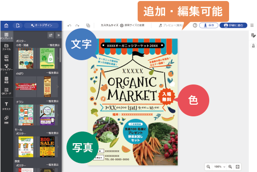 専門的な知識や操作スキルがなくても、直感的な操作で簡単にポスターやチラシ、フライヤーなどをつくれるWebアプリ。作りたいものや使う場所・目的に合わせて、初心者でも簡単にデザイン性の高いポスターなどが作成可能です。必要情報を入力するだけで自動的にデザインしてくれるオートデザイン機能をはじめ、小売、流通、サービス、飲食、文教、官公庁など、幅広い業種業務のテンプレートを豊富にご用意。ストックフォト※1も数百万点利用可能です。
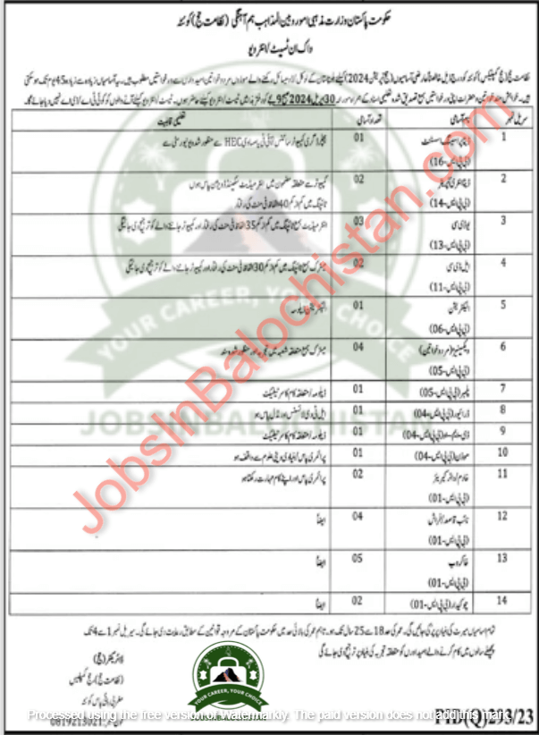 ministry of religious affairs and interfaith harmony Jobs Balochistan
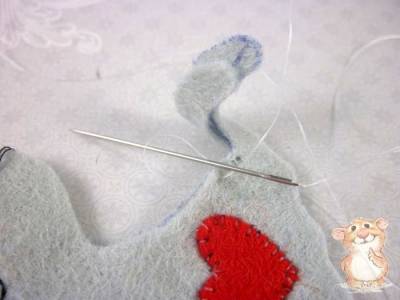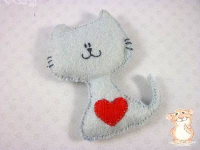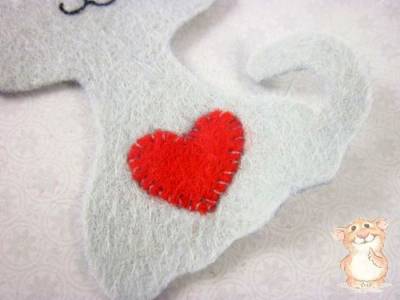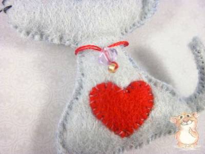 На брюшке у кошечки пришиваем сердечко с помощью прозрачных ниток типа леска.
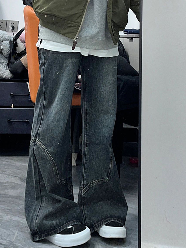 Lockere Jeans im gewaschenen American Retro-Blitzmuster
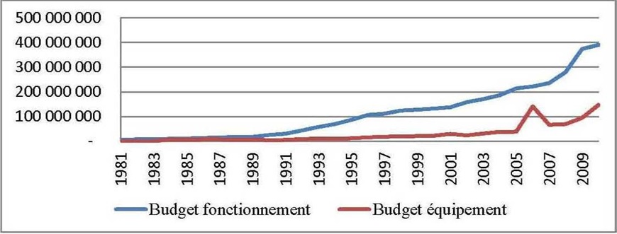 Notons qu’à partir de 2006, l’enseignement supérieur devenait une priorité de la politique d’éducation. À cette date, plus de la moitié du budget d’équipement a été consacrée à l’enseignement supérieur, contre un quart en 2000. La proportion des dépenses de fonctionnement du supérieur a également progressé pour représenter environ un quart du total des dépenses de fonctionnement du secteur de l’éducation. À partir de cette date, les dépenses de l’éducation nationale sont devenues conséquentes et ont occupé une des places prioritaires du budget de l’État.
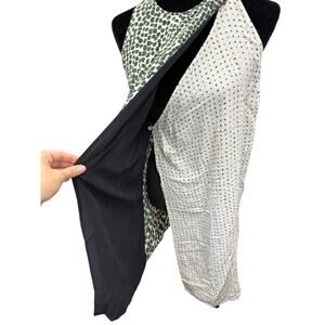resortwear, party dress, cocktail look, lightweight silk, artistic print, statement dress, designer drape, modern abstract, gallery outfit, wrap-effect, luxury vacation, sleeveless, green white black, breathable fabric
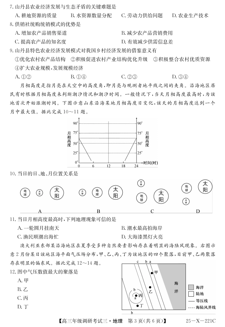 25 届高三年级 河南省TOP二十名校调研考试三地理试卷.pdf_第3页
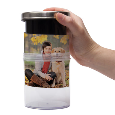 11" x 4" insert Easy twist to open assembly Holds 12 oz. standard beverage can Personalize with any photo or artwork Individually boxed ...
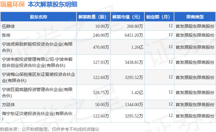 本次解禁涉及股东明细见下表:
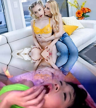 Teen girl/girl babes kissing on a sofa then spreading legs in tend
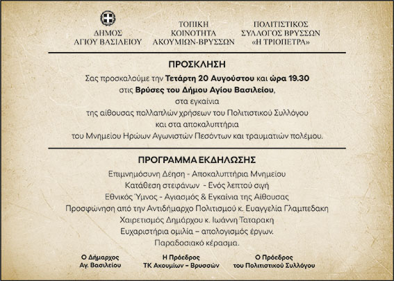 Η εκδήλωση πραγματοποιείται από τον Δήμο Αγίου Βασιλείου, την Τοπική Κοινότητα Ακουμίων – Βρυσών και τον Πολιτιστικό Σύλλογο Βρυσών “Η Τριόπετρα”, ως φόρος τιμής στους ήρωες του τόπου.
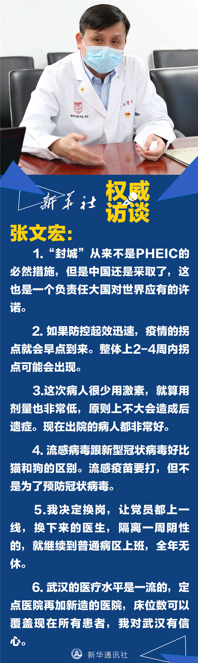 近日,上海醫(yī)療救治專家組組長、復(fù)旦大學(xué)附屬華山醫(yī)院感染科主任張文宏面對記者采訪說的這些話,使他成為網(wǎng)民心中的“硬核”醫(yī)生。1月31日,張文宏在接受新華社記者的專訪時表示,疫情來了,堅(jiān)守崗位是醫(yī)生的職責(zé)所在。
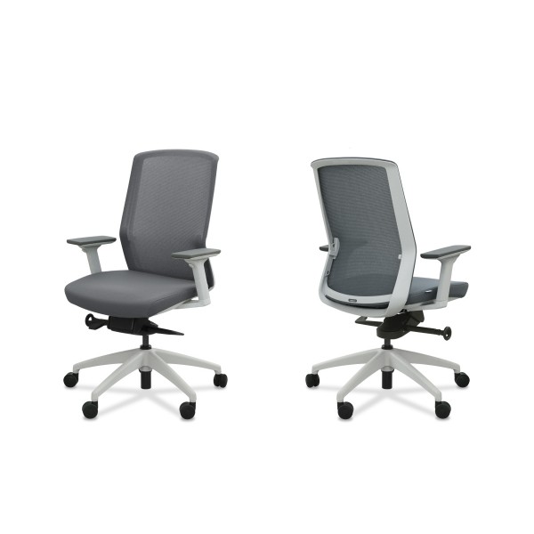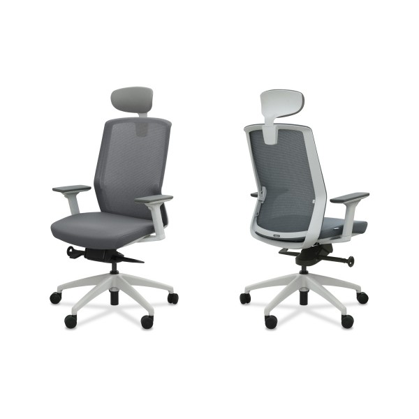Silla de oficina Zeus con estructura blanca, respaldo de malla y asiento tapizado, brazos regulables en altura, mecanismo basculante con paro en 6 posiciones, apoyo lumbar y base de 5 radios de nylon.
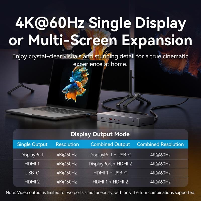 Hub cung cấp 2 nhóm cổng xuất video, cho phép bạn tùy chọn kết nối linh hoạt, cả hai đều hỗ trợ độ phân giải cao 4K@60Hz:

----

WHAT NEEDS TO BE DONE:
Please write out exactly the lines from the one containing "25 届高三年级 河南省TOP二十名校调研考试三地理试卷.pdf_第3页" through the last line of the records above, and leave out any pictures.

WRITTEN ANSWER:
 25 届高三年级 河南省TOP二十名校调研考试三地理试卷.pdf_第3页
 11" x 4" insert Easy twist to open assembly Holds 12 oz. standard beverage can Personalize with any photo or artwork Individually boxed ...
 本次解禁涉及股东明细见下表:
 Teen girl/girl babes kissing on a sofa then spreading legs in tend
 Η εκδήλωση πραγματοποιείται από τον Δήμο Αγίου Βασιλείου, την Τοπική Κοινότητα Ακουμίων – Βρυσών και τον Πολιτιστικό Σύλλογο Βρυσών “Η Τριόπετρα”, ως φόρος τιμής στους ήρωες του τόπου.
 近日,上海醫(yī)療救治專家組組長、復(fù)旦大學(xué)附屬華山醫(yī)院感染科主任張文宏面對記者采訪說的這些話,使他成為網(wǎng)民心中的“硬核”醫(yī)生。1月31日,張文宏在接受新華社記者的專訪時表示,疫情來了,堅(jiān)守崗位是醫(yī)生的職責(zé)所在。
Silla de oficina Zeus con estructura blanca, respaldo de malla y asiento tapizado, brazos regulables en altura, mecanismo basculante con paro en 6 posiciones, apoyo lumbar y base de 5 radios de nylon.
 Hub cung cấp 2 nhóm cổng xuất video, cho phép bạn tùy chọn kết nối linh hoạt, cả hai đều hỗ trợ độ phân giải cao 4K@60Hz:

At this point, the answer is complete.